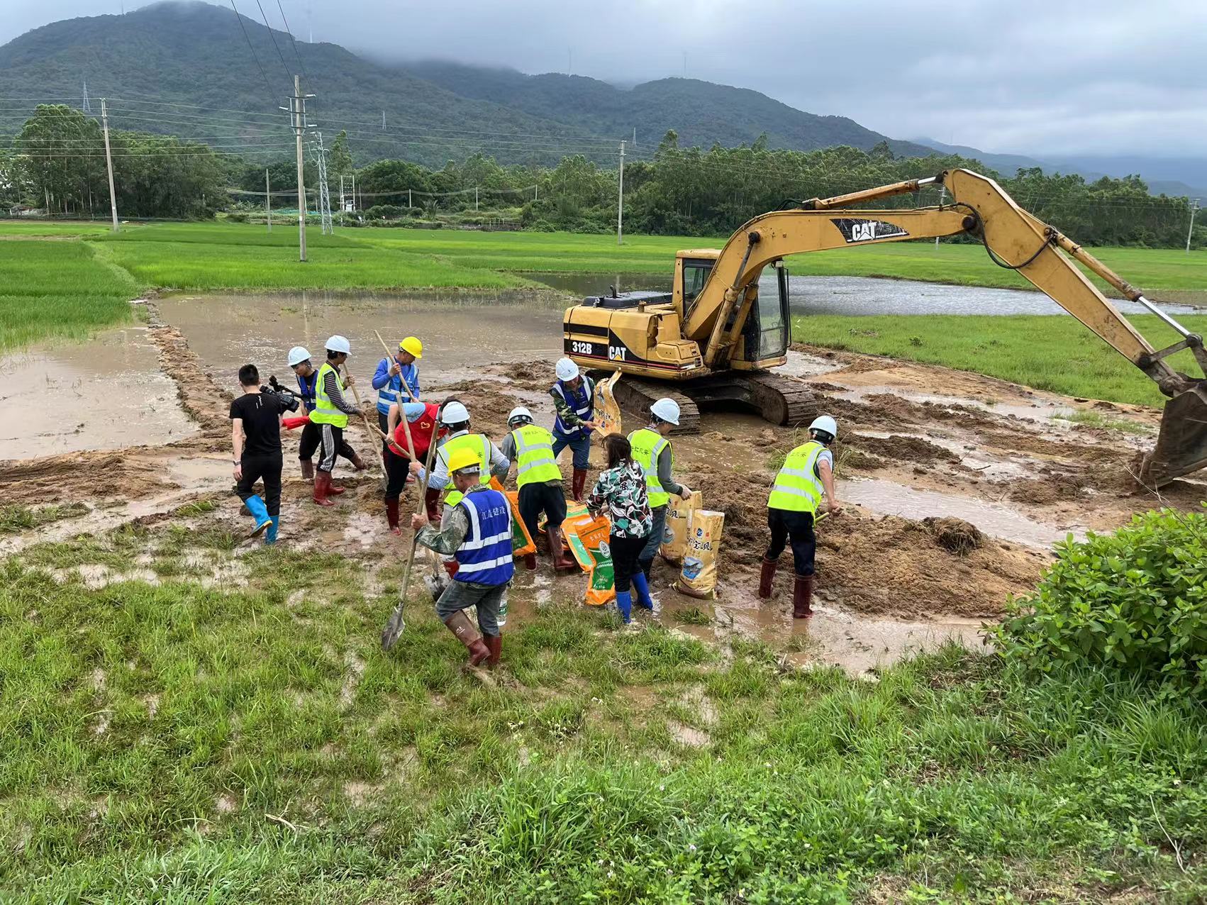在溪头镇双水村委会下垌仔村,记者看到,该河道的堤围已经被冲开了缺口,原已种上水稻的部分农田被河水及泥沙覆盖,受灾较为严重。双水村委会干部以及广东新江永安建设集团有限公司、广东汇晟建设有限公司的员工在现场参与抢险救灾,他们扛起沙包封堵堤围缺口,利用挖掘机疏通河道,尽力恢复农田原貌。
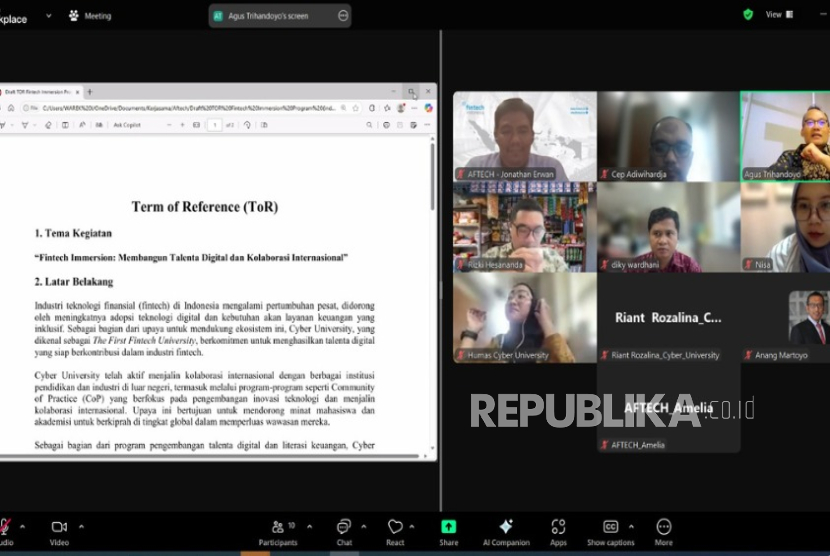 Rapat ini diketuai oleh Agus Trihandoyo sebagai Wakil Rektor Bidang Akademik dari Cyber University dan Jonathan Erwan Pratama sebagai Marketing Communications Associate dari Aftech. Mereka membicarakan tentang rancangan acara, penyisipan konten pendidikan, serta jenis kerjasama antara dunia usaha dan institusi akademik sesuai dengan permintaan saat ini dalam bidang tersebut.
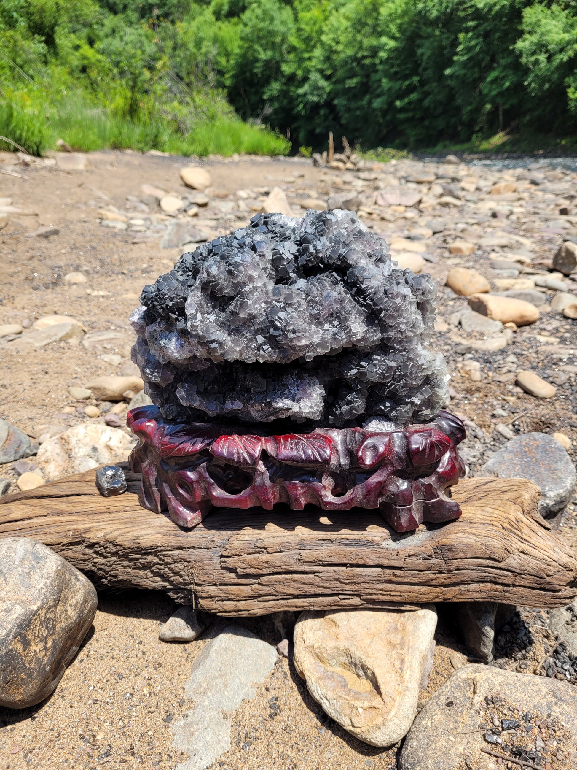 Huge Fluorite Cluster with gorgeous swirls of gray, green and purple fluorite, cubic formations, and on a customized wooden stand!
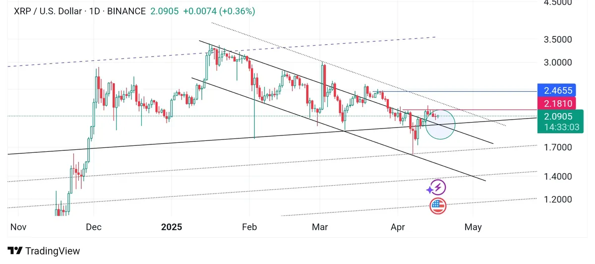 از همین حوالی تا محدوده 1.9 دلار میتونه جایی برای برگشت ریپل باشه تا یک موج افزایشی رو تا تارگت آبی رنگ تجربه کنه ... البته به شرط عبور از مقاومت قرمز رنگ .
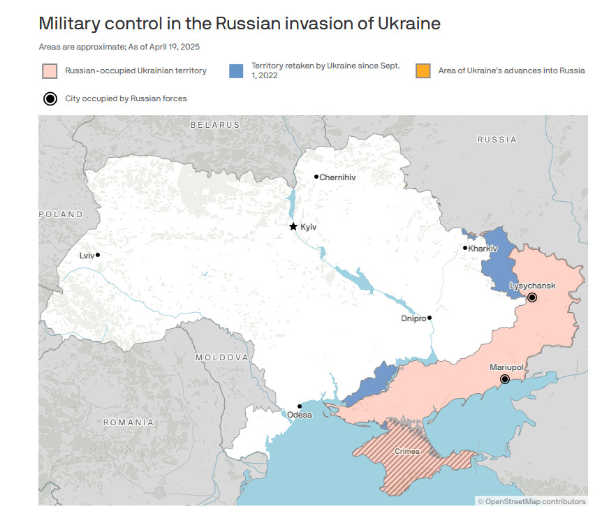 Με το ροζ χρώμα τα εδάφη που κατέχει η Ρωσία από την εισβολή του 2022, Πηγή: Axios
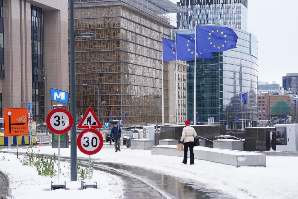 1月7日,在比利时布鲁塞尔,市民在雪中步行。新华社记者彭子洋摄
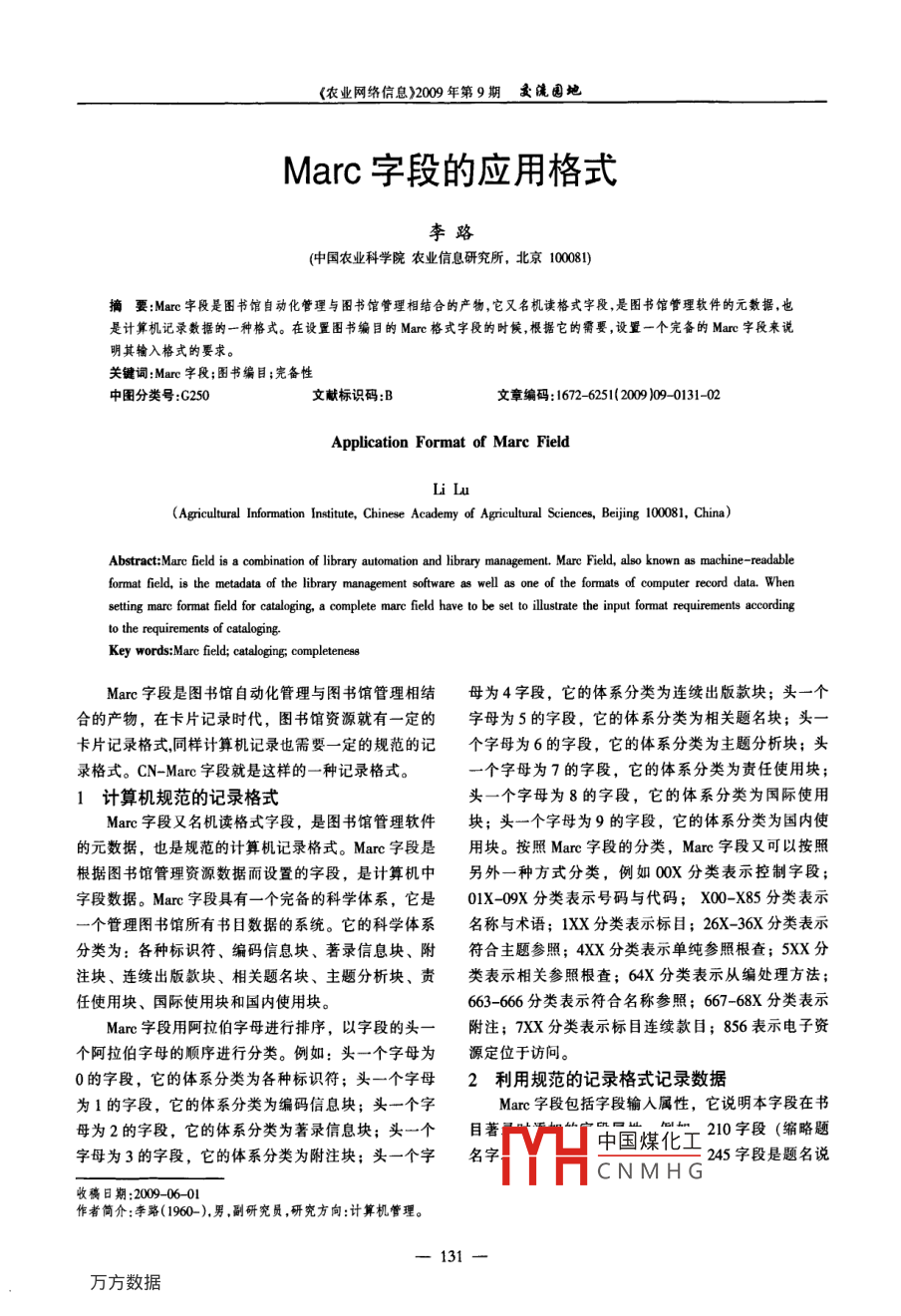 - 期刊名字:农业网络信息
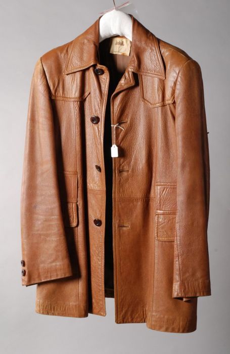 Herenjas van middenbruin leer met grote klepzakken, ...
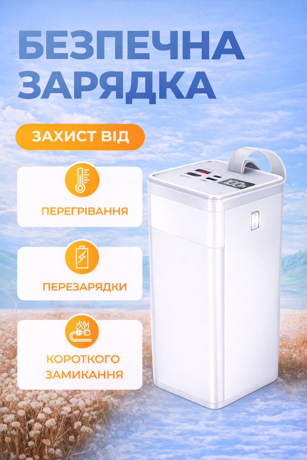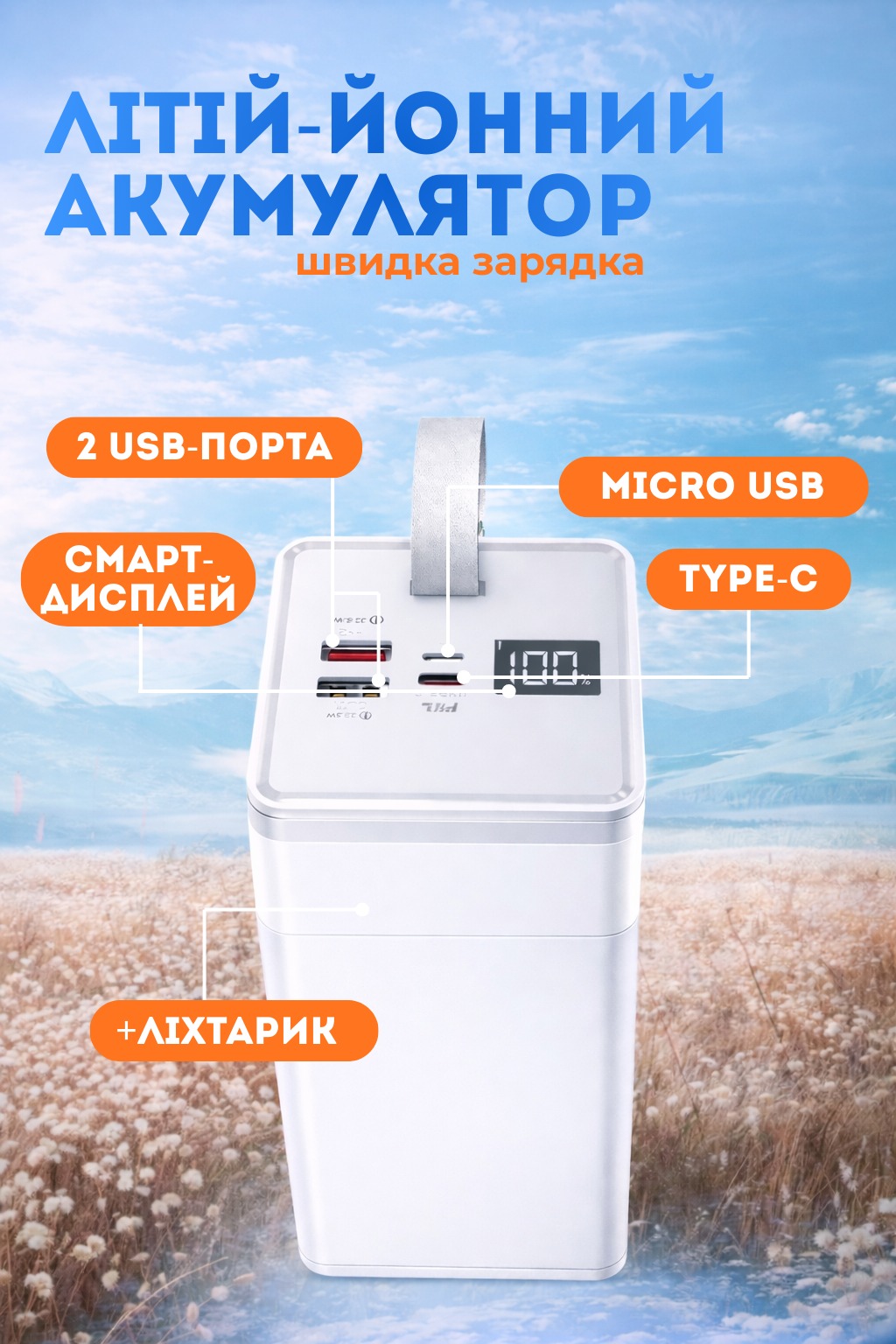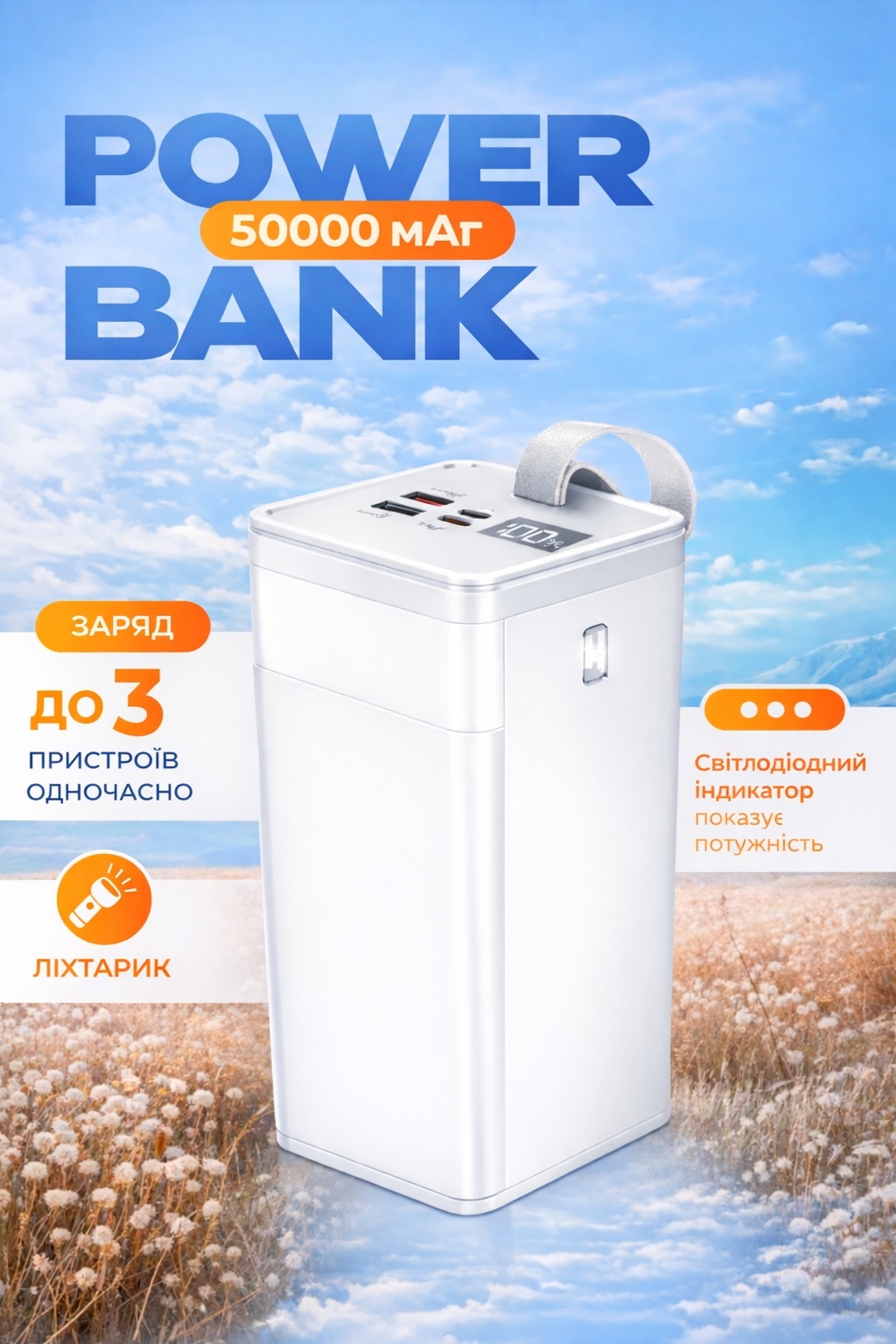 Power Bank 50000mAh 22.5W — це потужне та надійне джерело енергії для ваших пристроїв у будь-яких умовах. Величезна ємність дозволяє багаторазово заряджати смартфони, планшети, навушники, смарт-годинники та інші гаджети без необхідності постійно підзаряджати сам повербанк.

===

== Your goal ==
From the first line of the records through the line containing "Huge Fluorite Cluster", please output exactly those lines and nothing more, leaving out the pictures.

== The answer ==
在溪头镇双水村委会下垌仔村,记者看到,该河道的堤围已经被冲开了缺口,原已种上水稻的部分农田被河水及泥沙覆盖,受灾较为严重。双水村委会干部以及广东新江永安建设集团有限公司、广东汇晟建设有限公司的员工在现场参与抢险救灾,他们扛起沙包封堵堤围缺口,利用挖掘机疏通河道,尽力恢复农田原貌。
 Rapat ini diketuai oleh Agus Trihandoyo sebagai Wakil Rektor Bidang Akademik dari Cyber University dan Jonathan Erwan Pratama sebagai Marketing Communications Associate dari Aftech. Mereka membicarakan tentang rancangan acara, penyisipan konten pendidikan, serta jenis kerjasama antara dunia usaha dan institusi akademik sesuai dengan permintaan saat ini dalam bidang tersebut.
 Huge Fluorite Cluster with gorgeous swirls of gray, green and purple fluorite, cubic formations, and on a customized wooden stand!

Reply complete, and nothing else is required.